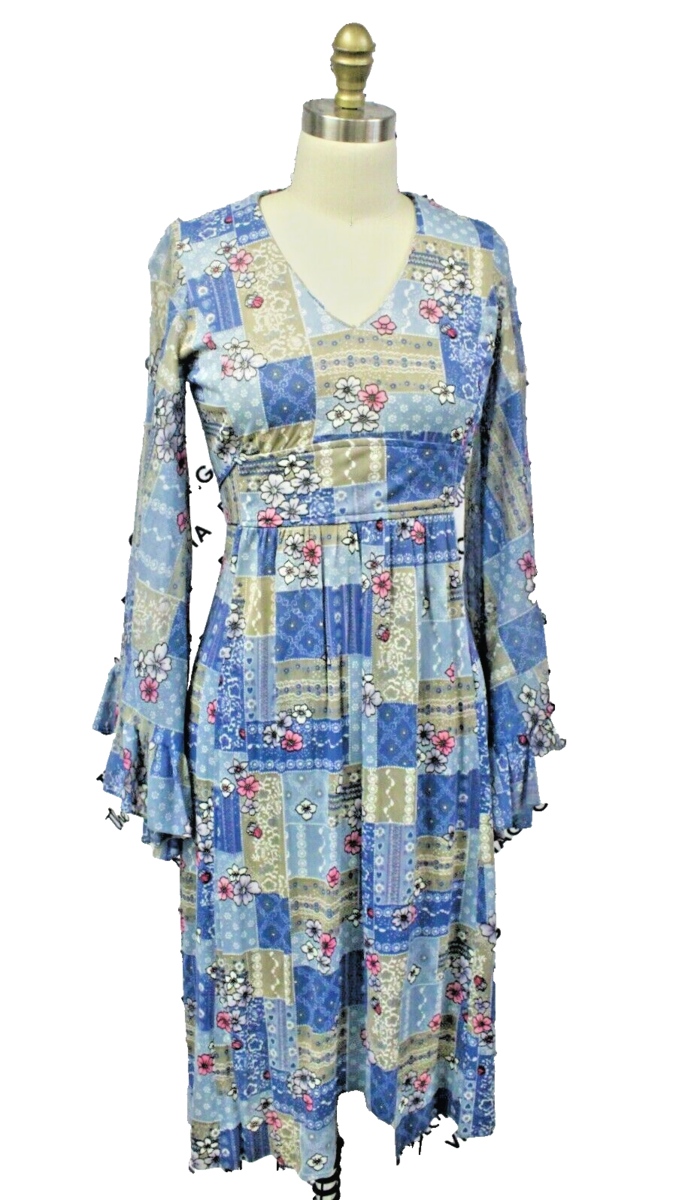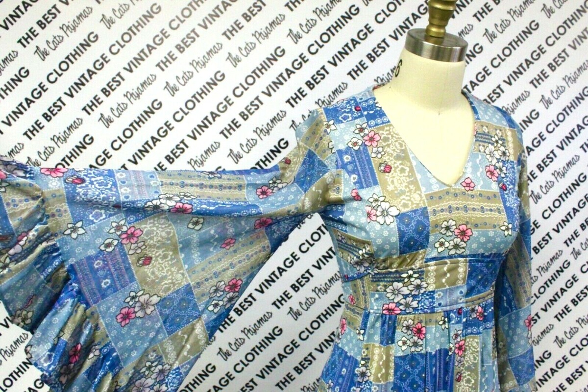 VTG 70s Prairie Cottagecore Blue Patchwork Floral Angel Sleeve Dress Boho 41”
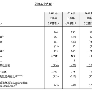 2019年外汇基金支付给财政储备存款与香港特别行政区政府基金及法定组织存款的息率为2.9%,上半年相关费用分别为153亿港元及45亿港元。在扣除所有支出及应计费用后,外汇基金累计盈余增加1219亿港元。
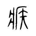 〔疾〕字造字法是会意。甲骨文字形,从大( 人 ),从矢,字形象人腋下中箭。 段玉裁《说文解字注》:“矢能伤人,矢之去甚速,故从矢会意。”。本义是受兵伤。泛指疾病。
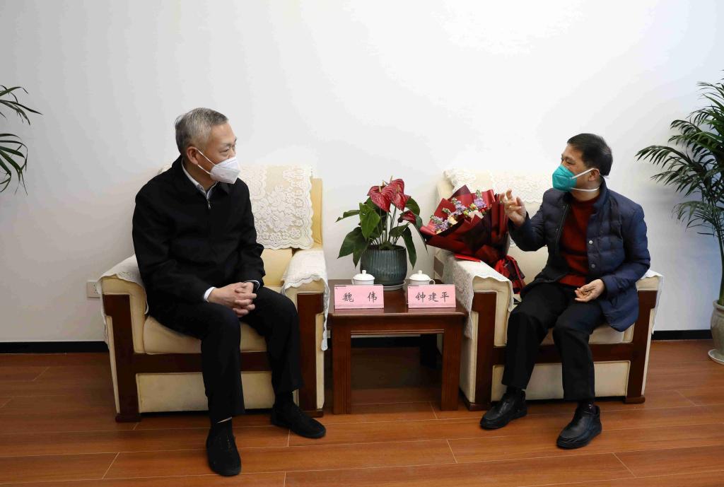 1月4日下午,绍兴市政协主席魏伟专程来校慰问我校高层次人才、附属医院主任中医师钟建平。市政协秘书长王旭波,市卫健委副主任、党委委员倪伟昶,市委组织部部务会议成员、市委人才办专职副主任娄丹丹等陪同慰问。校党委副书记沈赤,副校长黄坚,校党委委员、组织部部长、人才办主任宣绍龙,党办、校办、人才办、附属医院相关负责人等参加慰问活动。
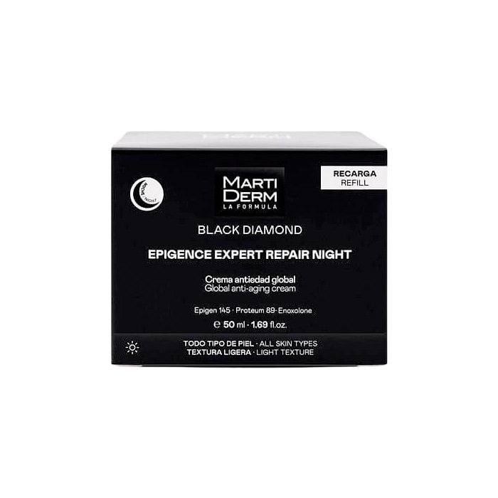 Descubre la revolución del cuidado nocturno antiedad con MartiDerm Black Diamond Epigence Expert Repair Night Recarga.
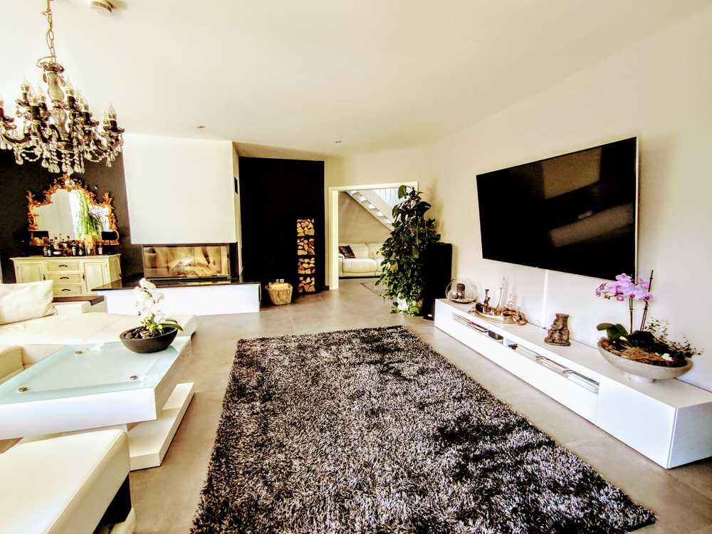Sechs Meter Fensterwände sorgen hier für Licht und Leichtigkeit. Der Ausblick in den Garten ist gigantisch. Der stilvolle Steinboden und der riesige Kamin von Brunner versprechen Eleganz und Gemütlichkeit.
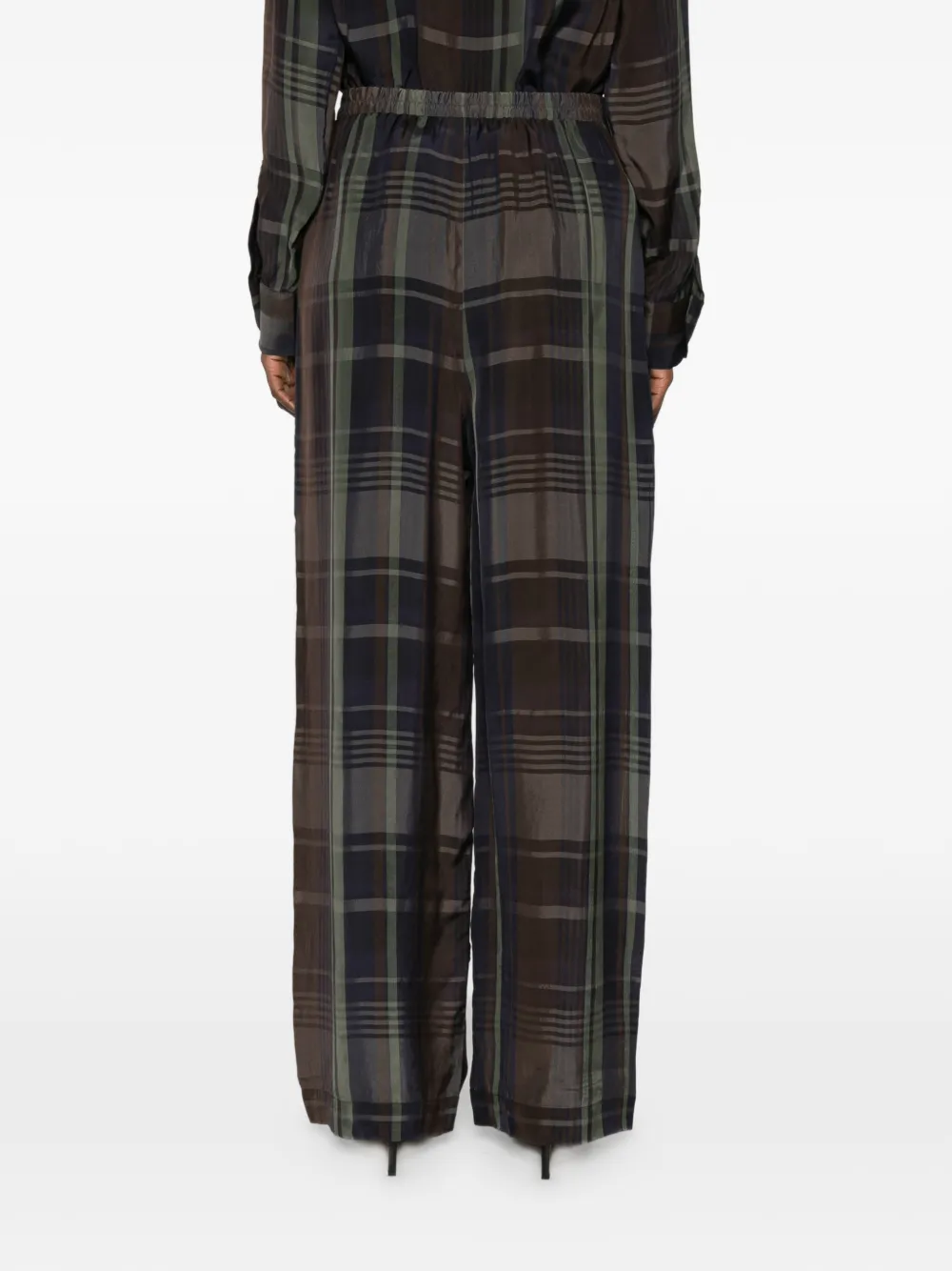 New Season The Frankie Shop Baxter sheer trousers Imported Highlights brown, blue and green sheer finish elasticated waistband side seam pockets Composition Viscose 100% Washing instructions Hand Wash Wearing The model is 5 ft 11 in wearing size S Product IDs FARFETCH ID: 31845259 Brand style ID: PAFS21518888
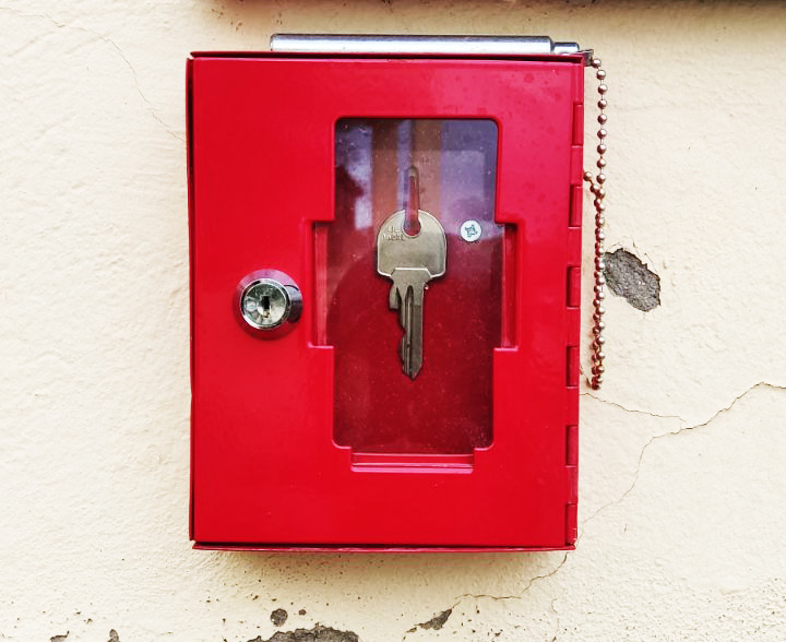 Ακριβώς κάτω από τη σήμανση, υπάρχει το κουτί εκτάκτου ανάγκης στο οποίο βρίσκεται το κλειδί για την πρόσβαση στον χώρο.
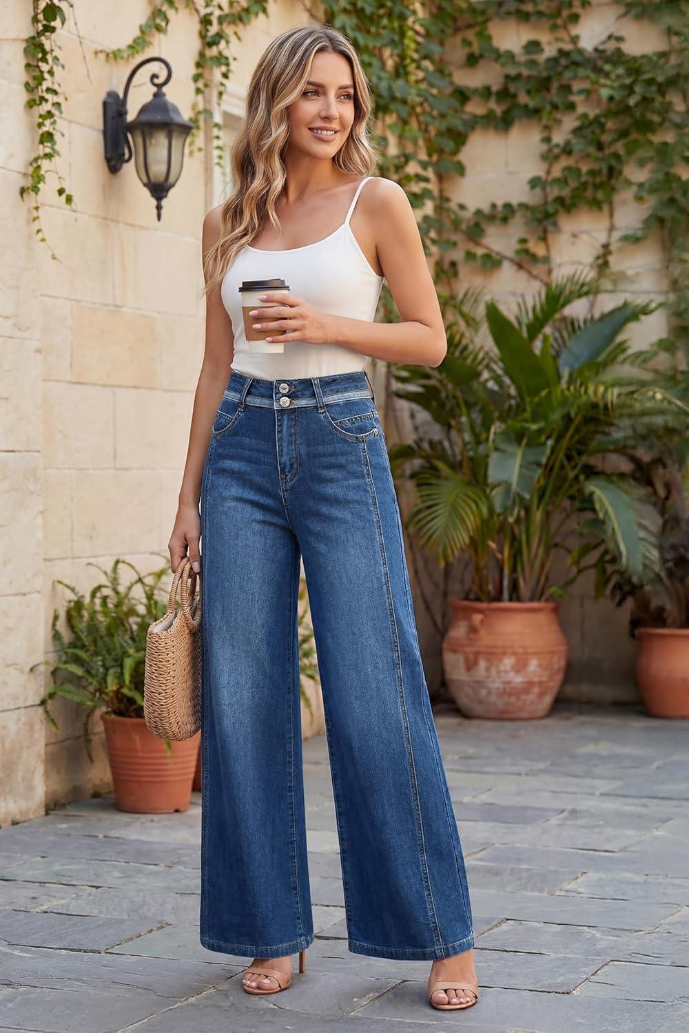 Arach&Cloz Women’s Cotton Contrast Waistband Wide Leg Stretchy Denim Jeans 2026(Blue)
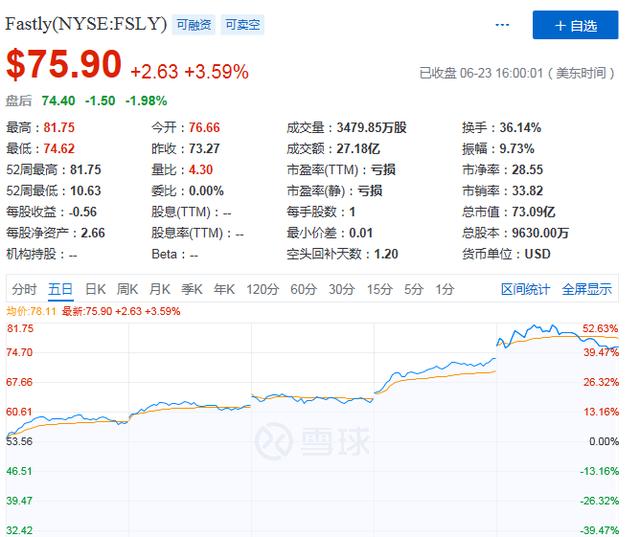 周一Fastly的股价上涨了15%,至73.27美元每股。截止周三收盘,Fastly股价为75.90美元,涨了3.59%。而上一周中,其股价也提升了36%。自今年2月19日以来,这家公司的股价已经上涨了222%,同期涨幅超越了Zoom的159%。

□ □ □

What is needed: The expected output is the material above, repeated exactly and free of pictures.

Answer section:
 VTG 70s Prairie Cottagecore Blue Patchwork Floral Angel Sleeve Dress Boho 41”
 2019年外汇基金支付给财政储备存款与香港特别行政区政府基金及法定组织存款的息率为2.9%,上半年相关费用分别为153亿港元及45亿港元。在扣除所有支出及应计费用后,外汇基金累计盈余增加1219亿港元。
 〔疾〕字造字法是会意。甲骨文字形,从大( 人 ),从矢,字形象人腋下中箭。 段玉裁《说文解字注》:“矢能伤人,矢之去甚速,故从矢会意。”。本义是受兵伤。泛指疾病。
 1月4日下午,绍兴市政协主席魏伟专程来校慰问我校高层次人才、附属医院主任中医师钟建平。市政协秘书长王旭波,市卫健委副主任、党委委员倪伟昶,市委组织部部务会议成员、市委人才办专职副主任娄丹丹等陪同慰问。校党委副书记沈赤,副校长黄坚,校党委委员、组织部部长、人才办主任宣绍龙,党办、校办、人才办、附属医院相关负责人等参加慰问活动。
 Descubre la revolución del cuidado nocturno antiedad con MartiDerm Black Diamond Epigence Expert Repair Night Recarga.
Sechs Meter Fensterwände sorgen hier für Licht und Leichtigkeit. Der Ausblick in den Garten ist gigantisch. Der stilvolle Steinboden und der riesige Kamin von Brunner versprechen Eleganz und Gemütlichkeit.
 New Season The Frankie Shop Baxter sheer trousers Imported Highlights brown, blue and green sheer finish elasticated waistband side seam pockets Composition Viscose 100% Washing instructions Hand Wash Wearing The model is 5 ft 11 in wearing size S Product IDs FARFETCH ID: 31845259 Brand style ID: PAFS21518888
 Ακριβώς κάτω από τη σήμανση, υπάρχει το κουτί εκτάκτου ανάγκης στο οποίο βρίσκεται το κλειδί για την πρόσβαση στον χώρο.
 Arach&Cloz Women’s Cotton Contrast Waistband Wide Leg Stretchy Denim Jeans 2026(Blue)
 周一Fastly的股价上涨了15%,至73.27美元每股。截止周三收盘,Fastly股价为75.90美元,涨了3.59%。而上一周中,其股价也提升了36%。自今年2月19日以来,这家公司的股价已经上涨了222%,同期涨幅超越了Zoom的159%。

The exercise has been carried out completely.